Board them? In the emergency department? Was he insane? The ER was not designed to house patients with intensive care needs. The ER stabilized people, fixed immediate issues, and then moved them to where they needed to go, whether it was a follow up with primary care, a bed in the acute care floors, to the operating room, or a straight shot up to an ICU room. ED nurses could have up to four patients - they didn't have the staffing to dedicate a nurse to just a single patient, as these two clearly needed the extra care and undivided attention. The hospitalist was suggesting they stay?
Legend whirled on the pair of physicians. "Absolutely not. These two patients need an ICU. That's inappropriate care."
"We have no beds," the hospitalist argued.
"We have one bed," Warriors fired back. "And the other hospital has one as well."
"Our ICU nurses can't handle this kind of patient," the hospitalist retorted.
Legend huffed. "Then they're not actual ICU nurses."
The emergency physician piped up, emboldened by the nurses. "They're right. These patients are absolutely not staying here."
The hospitalist's face grew sour, and he started to shuffle towards a computer elsewhere to look more thoroughly at the patients' charts again.
The emergency physician glanced at the pair. "Thank you."
Warriors and Legend both nodded, watching the doctor follow his peer to ensure he actually worked this out. The two nurses looked at each other next, just for a moment, a silent respect settling between them, before they went back to work.
XXX
Hyrule stared at the dispatch information. "Does... does this say entrapment at the Salvation Army?"
"How...?" Mo started to ask, just as confused. "What...?"
Dot laughed outright. "Oh my gosh, wait - look at the age. That's got to be Beedle."
Hyrule groaned. How in the world had Beedle gotten himself entrapped somewhere around the Salvation Army?
The pair quickly found out as they arrived with the fire department. Beedle had situated himself in the donation booth, smiling pleasantly as they arrived.
"Beedle," Hyrule immediately said, hands on his hips. "What in the world are you doing?"
"I saw some shady looking guy walking into the store," Beedle explained. "I wanted to make sure he didn't burn the place down! So I hid in here."
"How are you stuck?" Mo asked.
"I can't get out!" Beedle gestured around himself.
"Well how did you get in?"
Beedle pointed behind him. "There's a door here."

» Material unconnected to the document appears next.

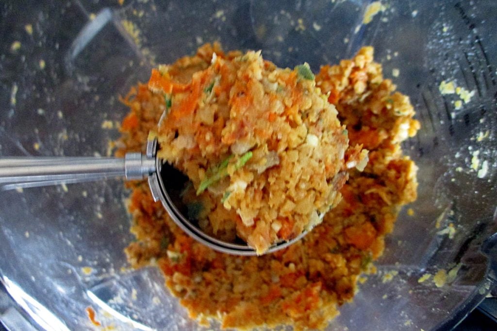 Pulseer de blender zodat alles goed wordt gehakt en gemengd zonder er een puree van te maken. Zo blijven er stukjes over die de balletjes meer textuur geven.

Mo and Hyrule looked at each other. Then the firefighters.
One of their coworkers chewed his lip, half exasperated and half amused. "So uh... did you try the door, then?"
Beedle blinked and turned around, jiggling at the latch a little before the door opened. "Oh! Thank you!"
"Oh my heaven," Mo muttered, face in his hands.
A police officer then approached. "Sir, the store manager is also citing you for trespassing."
Beedle jumped, clearly affronted. "Trespassing? I was protecting them!" With a huff, he added, "That's it! The next time a shady person walks by I'm just going to let them burn the store."
Hyrule had to cough to hide his laugh.